In the real world, Americans are already beginning to recognize the coronavirus loophole. They can't quantify it, but they are nonetheless already acting on their intuitive feel. The older among us are more aggressively quarantining themselves than are the younger. The younger among us are stepping to the plate. They are, for example, the primary shoppers / drivers for services such as Instacart that bring groceries and supplies directly to one's doorstep. Some of them have taken to wearing masks and gloves, for the betterment of all involved, but their smile and enthusiasm is still obvious.

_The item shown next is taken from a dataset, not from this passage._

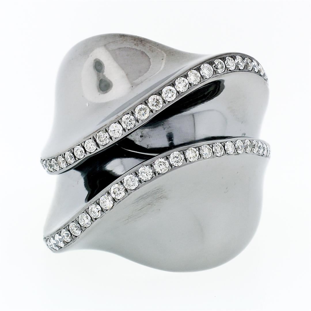 A modernist solid 18k gold ring plated with black rhodium and set with 55 round brilliant cut natural diamonds (G/H - VS1/VS2; 0.56ctw). The ring is size 7.0, weighs a total of 16.83 grams, and measures 22.27mm wide.
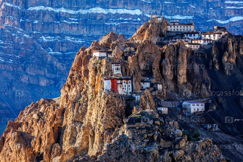 Монастырь Данкар, расположенный на скале в Гималаях, Индия

Yesterday, as the Skeptical Spouse and I returned from a safe outing, our younger neighbor approached us and volunteered to do any shopping we might need. I informed him that we were already well prepared. I thanked him. I asked him if he offered because he recognized that we (the Skeptical Spouse and I) are part of a high risk group. He acknowledged that was the case. I thanked him again for his thoughtfulness and compassion.

So ...

My prediction right now is that, in the absence of a vaccine or an effective treatment, somewhere between 75 thousand and 1.6 million of us Americans will succumb to the coronavirus, even if we flatten the curve. So too will too many others from other countries. We humans are an ingenious lot, though. When we cease our bickering and marshal our resources against a common enemy, we are formidable.

In upcoming posts, I will address the promise of vaccines and effective treatments. I will offer thoughts on how you, as an individual, can pitch in.